→ Your goal: Would you quote every entry exactly, dropping only the pictures?

[Extracted data entries]
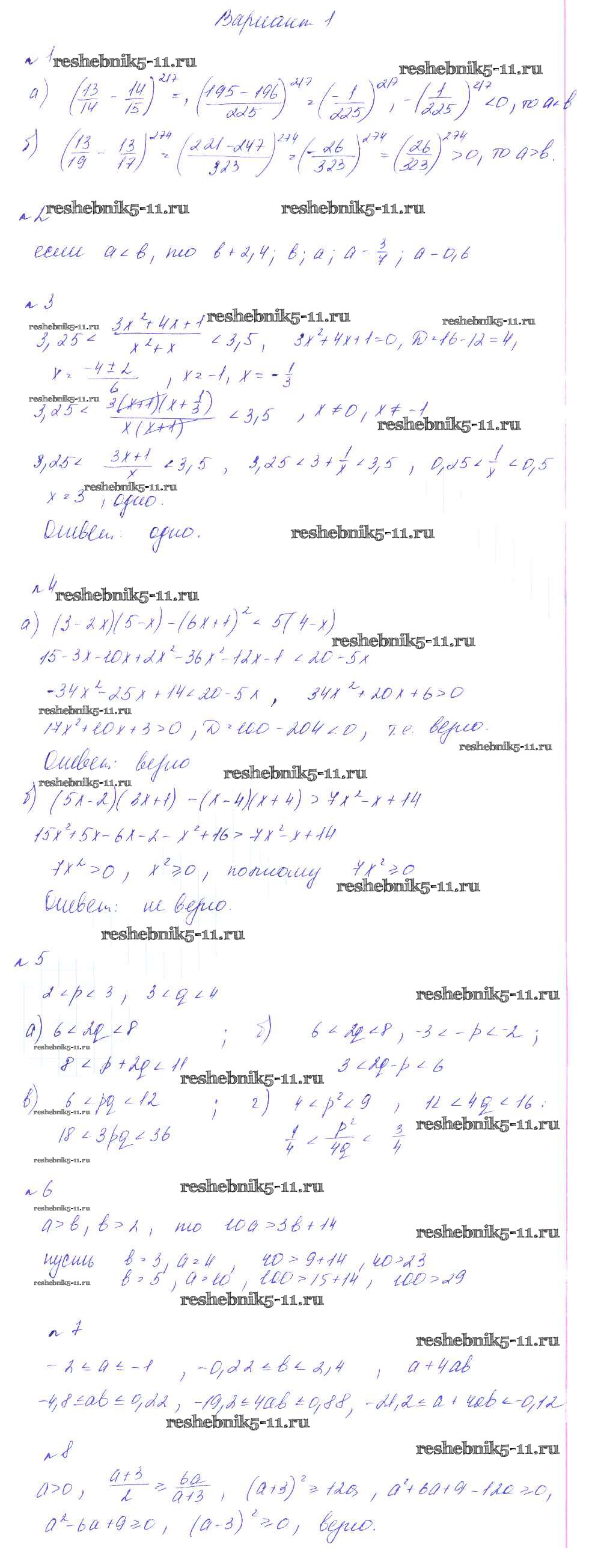 Готовая домашняя работа с ответами по Алгебре за 8 класс Феоктистов Дидактические материалы Мнемозина 2013 ФГОС - СР-18. Свойства числовых неравенств, оценка значений выражений, доказательство неравенств вариант 1
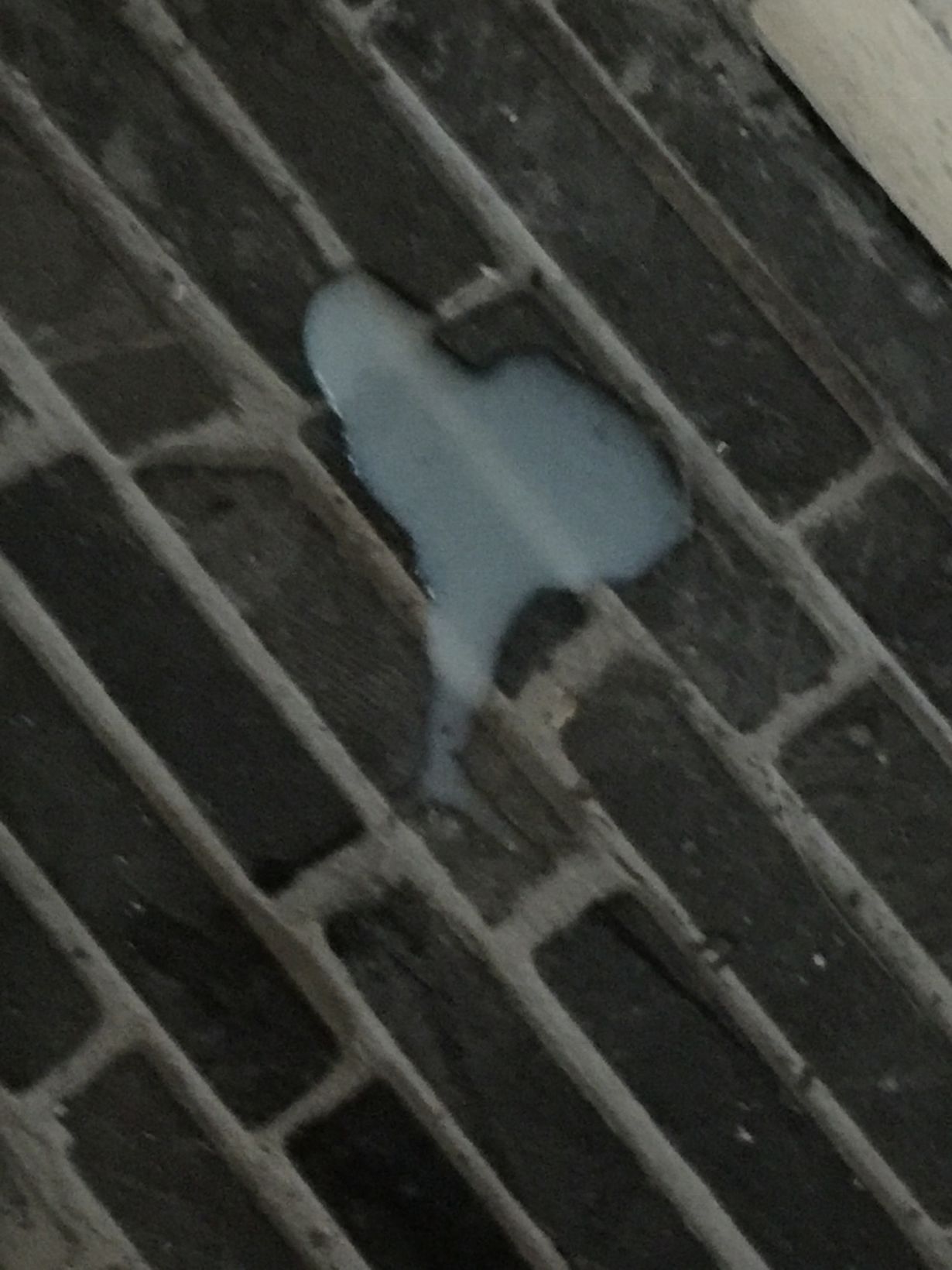 Maitopurkin sisältöä oli valunut maahan,poltettavasta ,takkaan menevästä purkista.Kaatunut sisältö oli sydämen muotoinen.❤️
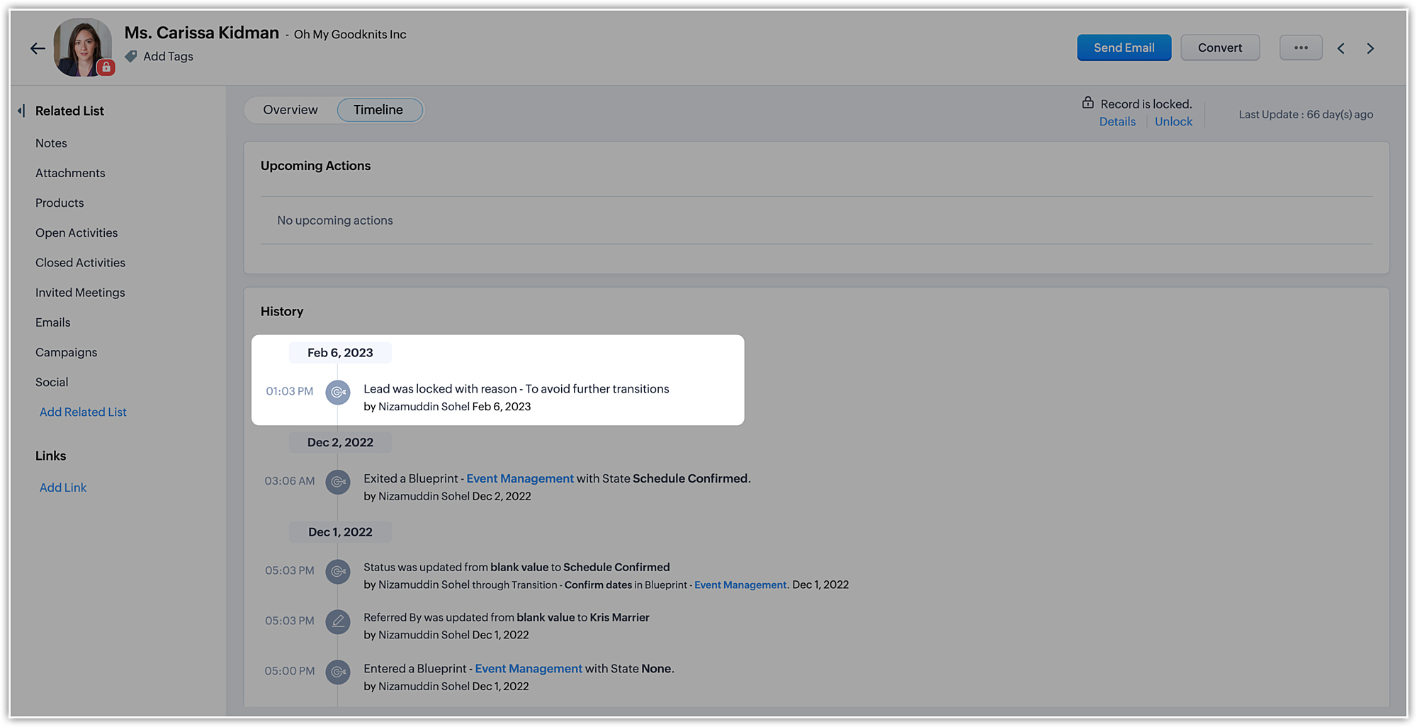 - 但是,锁定的记录不能作为相关列表记录关联其他父模块。因为关联记录时需要更新锁定记录的查找字段。但是,记录已锁定无法更新查找字段。所以,锁定的记录无法作为相关列表关联其他模块的记录。
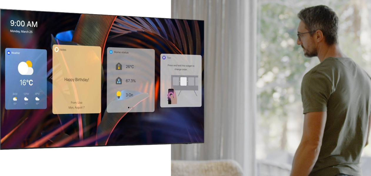 [4] Các tiện ích (widget) được hỗ trợ có thể khác nhau tùy theo khu vực. Có thể phát nhạc từ ứng dụng Spotify trên điện thoại khi kết nối với TV.
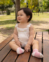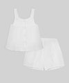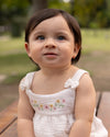 Un conjunto lleno de delicadeza y encanto, perfecto para acompañar sus primeros momentos especiales. Con detalles bordados, recogidos suaves y acabados femeninos, esta propuesta combina frescura y comodidad en cada movimiento.
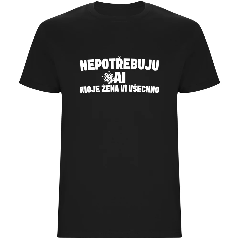 Pánské tričko - NEPOTŘEBUJU AI, MOJE ŽENA VÍ VŠECHNO
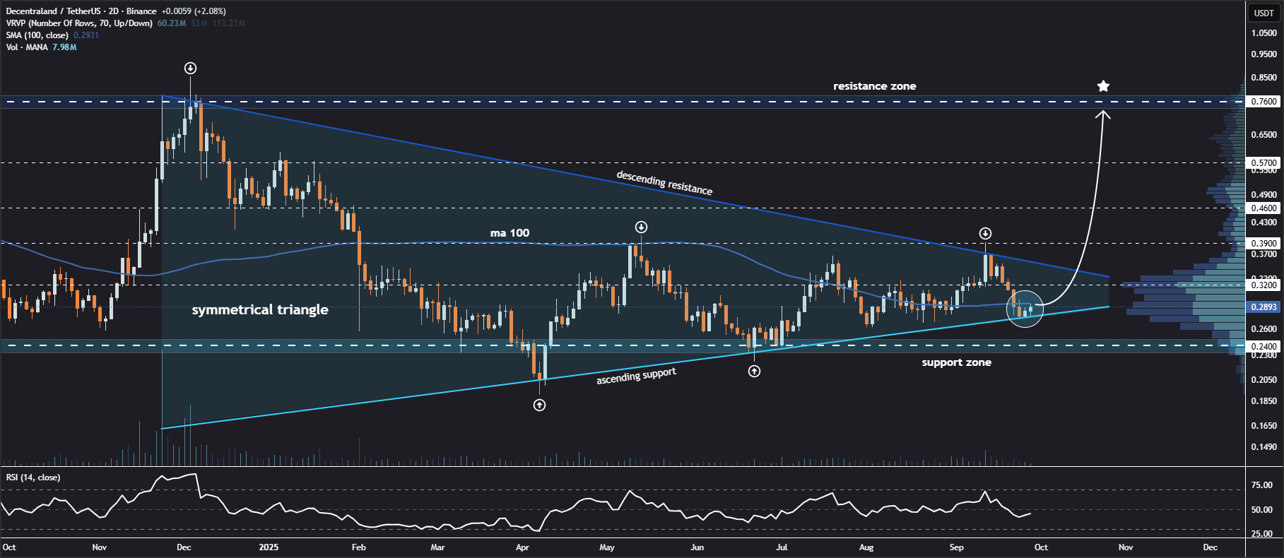 If MANA manages to defend the ascending support trendline and secure a close above the 100-day MA, the next logical target would be the triangle’s descending resistance trendline. A confirmed breakout above that level could unlock further upside potential, with price targets seen at $0.46, $0.57, and $0.76 in the medium term.
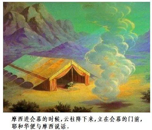 “摩西素常将帐棚支搭在营外,离营却远,他称这帐棚为会幕。凡求问耶和华的,就到营外的会幕那里去。当摩西出营到会幕去的时候,百姓就都起来,各人站在自己帐棚的门口,望着摩西,直等到他进了会幕。摩西进会幕的时候,云柱降下来,立在会幕的门前,耶和华便与摩西说话。众百姓看见云柱立在会幕门前,就都起来,各人在自己帐棚的门口下拜。耶和华与摩西面对面说话,好像人与朋友说话一般。摩西转到营里去,唯有他的帮手,一个少年人嫩的儿子约书亚不离开会幕。”(出33:7–11)
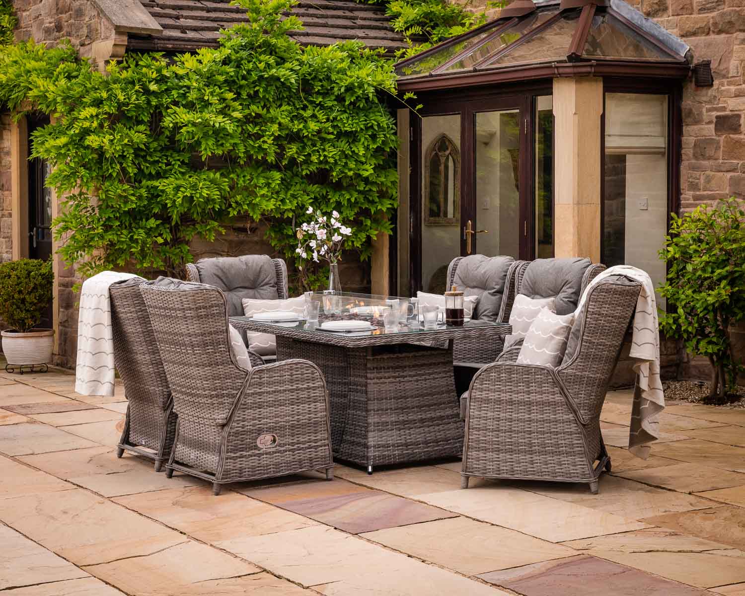 6 Reclining Rattan Garden Chairs & Rectangular Fire Pit Dining Table in Grey – Fiji – Rattan Direct
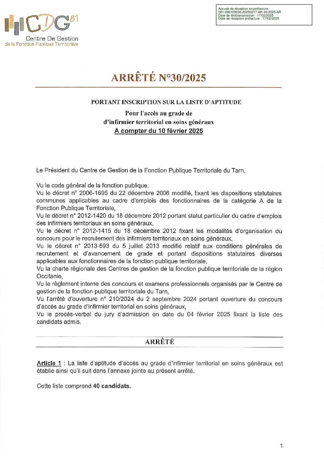 Voir l'image agrandie Liste d’aptitude : infirmier territorial en soins généraux (session 2025) Liste aptitude : infirmier territorial en soins généraux (session 2025) Type de fichier : pdf File Size: 661 Ko Catégories: Infirmier territorial session 2025 Balises : 2025, infirmier, infirmier en soins généraux, Liste aptitude, session 2025 Par Thomas|2025-12-09T17:57:47+01:0009/12/2025|Commentaires fermés sur Liste d’aptitude : infirmier territorial en soins généraux (session 2025) Share This Story, Choose Your Platform! FacebookXRedditLinkedInWhatsAppTelegramTumblrPinterestVkXingEmail À propos de l'auteur : Thomas
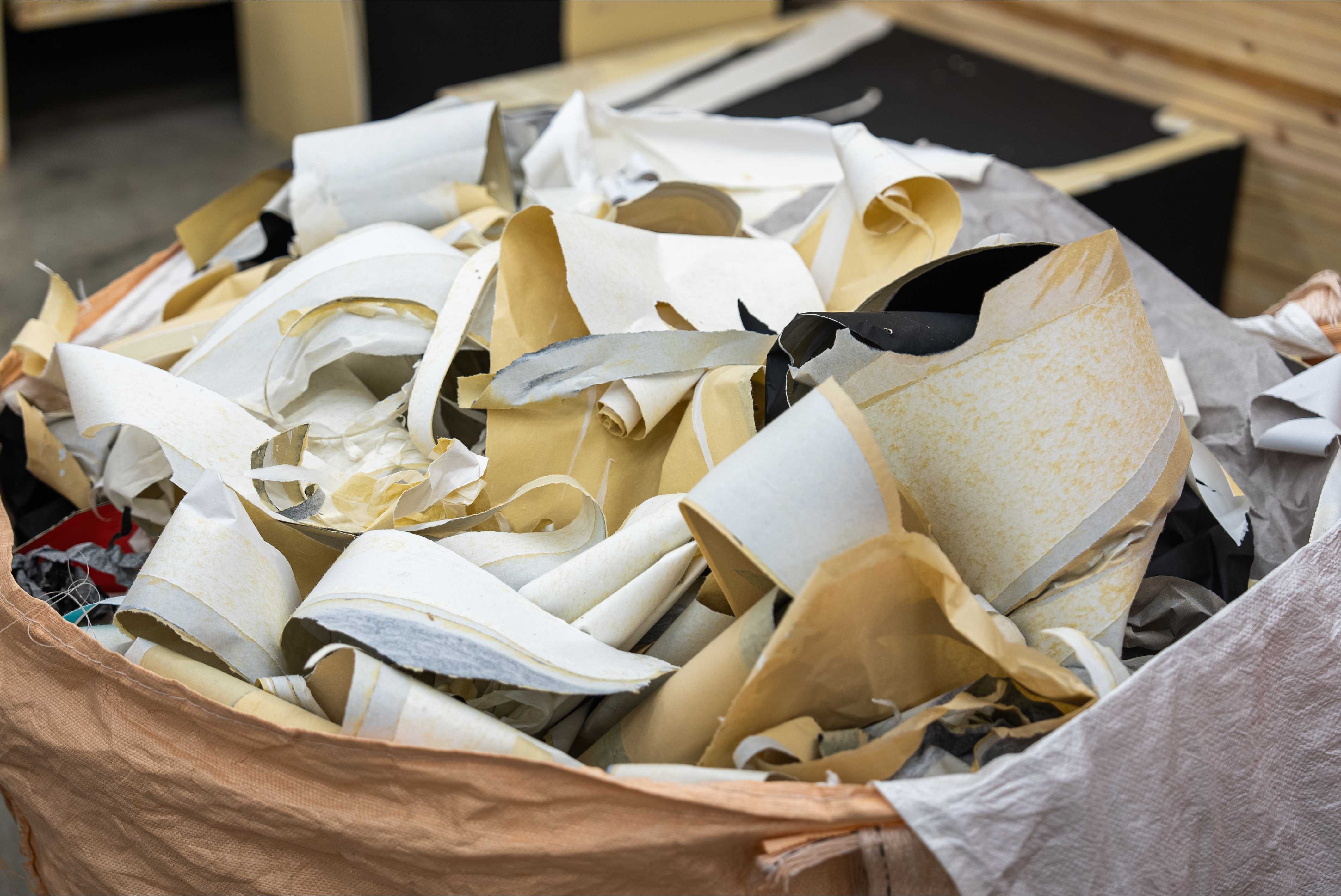 そこで、壁面や什器などの木工造作物において、LOOPGLUEを使用して表具仕上げを行うと、水をかけるだけで表具をきれいに剥がすことが可能になります。壁紙の剥がし残りが発生せず、木工パネルを傷めることなく再利用できるため、リユース時にも新品同様の状態で使用することができます。この特性により、壁面パネルを制作する際の木材の資材調達費および制作にかかる人件費を、それぞれ約15%削減できると見込んでいます。
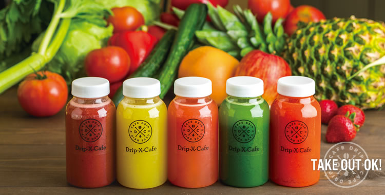 MENUコールドプレスジュースは、果物や野菜の水分をゆっくり圧搾(プレス)して作る、今注目のヘルシーなフレッシュジュース。栄養価が高いだけでなく、果物や野菜の皮などが入らず水分だけを摂取できるため、消化しやすく体にやさしいのも特長です。
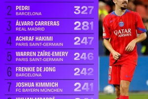 体育资讯11月21日讯 数据显示,维蒂尼亚的进攻三区完成传球次数位列五大联赛第一。
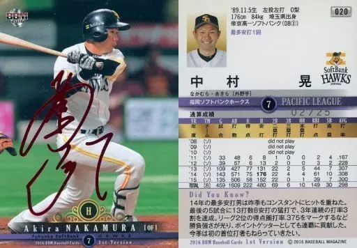 BBM / Regular Card / Fukuoka Soft Bank Hawks / BBM2016 Baseball Card 1 st Version 020 [Regular Card] : Akira Nakamura (Red hot stamping with signature) (/ 25)

→ Reply to the exercise:
 Готовая домашняя работа с ответами по Алгебре за 8 класс Феоктистов Дидактические материалы Мнемозина 2013 ФГОС - СР-18. Свойства числовых неравенств, оценка значений выражений, доказательство неравенств вариант 1
 Maitopurkin sisältöä oli valunut maahan,poltettavasta ,takkaan menevästä purkista.Kaatunut sisältö oli sydämen muotoinen.❤️
 - 但是,锁定的记录不能作为相关列表记录关联其他父模块。因为关联记录时需要更新锁定记录的查找字段。但是,记录已锁定无法更新查找字段。所以,锁定的记录无法作为相关列表关联其他模块的记录。
 [4] Các tiện ích (widget) được hỗ trợ có thể khác nhau tùy theo khu vực. Có thể phát nhạc từ ứng dụng Spotify trên điện thoại khi kết nối với TV.
 Un conjunto lleno de delicadeza y encanto, perfecto para acompañar sus primeros momentos especiales. Con detalles bordados, recogidos suaves y acabados femeninos, esta propuesta combina frescura y comodidad en cada movimiento.
 Pánské tričko - NEPOTŘEBUJU AI, MOJE ŽENA VÍ VŠECHNO
 If MANA manages to defend the ascending support trendline and secure a close above the 100-day MA, the next logical target would be the triangle’s descending resistance trendline. A confirmed breakout above that level could unlock further upside potential, with price targets seen at $0.46, $0.57, and $0.76 in the medium term.
 “摩西素常将帐棚支搭在营外,离营却远,他称这帐棚为会幕。凡求问耶和华的,就到营外的会幕那里去。当摩西出营到会幕去的时候,百姓就都起来,各人站在自己帐棚的门口,望着摩西,直等到他进了会幕。摩西进会幕的时候,云柱降下来,立在会幕的门前,耶和华便与摩西说话。众百姓看见云柱立在会幕门前,就都起来,各人在自己帐棚的门口下拜。耶和华与摩西面对面说话,好像人与朋友说话一般。摩西转到营里去,唯有他的帮手,一个少年人嫩的儿子约书亚不离开会幕。”(出33:7–11)
 6 Reclining Rattan Garden Chairs & Rectangular Fire Pit Dining Table in Grey – Fiji – Rattan Direct
 Voir l'image agrandie Liste d’aptitude : infirmier territorial en soins généraux (session 2025) Liste aptitude : infirmier territorial en soins généraux (session 2025) Type de fichier : pdf File Size: 661 Ko Catégories: Infirmier territorial session 2025 Balises : 2025, infirmier, infirmier en soins généraux, Liste aptitude, session 2025 Par Thomas|2025-12-09T17:57:47+01:0009/12/2025|Commentaires fermés sur Liste d’aptitude : infirmier territorial en soins généraux (session 2025) Share This Story, Choose Your Platform! FacebookXRedditLinkedInWhatsAppTelegramTumblrPinterestVkXingEmail À propos de l'auteur : Thomas
 そこで、壁面や什器などの木工造作物において、LOOPGLUEを使用して表具仕上げを行うと、水をかけるだけで表具をきれいに剥がすことが可能になります。壁紙の剥がし残りが発生せず、木工パネルを傷めることなく再利用できるため、リユース時にも新品同様の状態で使用することができます。この特性により、壁面パネルを制作する際の木材の資材調達費および制作にかかる人件費を、それぞれ約15%削減できると見込んでいます。
 MENUコールドプレスジュースは、果物や野菜の水分をゆっくり圧搾(プレス)して作る、今注目のヘルシーなフレッシュジュース。栄養価が高いだけでなく、果物や野菜の皮などが入らず水分だけを摂取できるため、消化しやすく体にやさしいのも特長です。
 体育资讯11月21日讯 数据显示,维蒂尼亚的进攻三区完成传球次数位列五大联赛第一。
 BBM / Regular Card / Fukuoka Soft Bank Hawks / BBM2016 Baseball Card 1 st Version 020 [Regular Card] : Akira Nakamura (Red hot stamping with signature) (/ 25)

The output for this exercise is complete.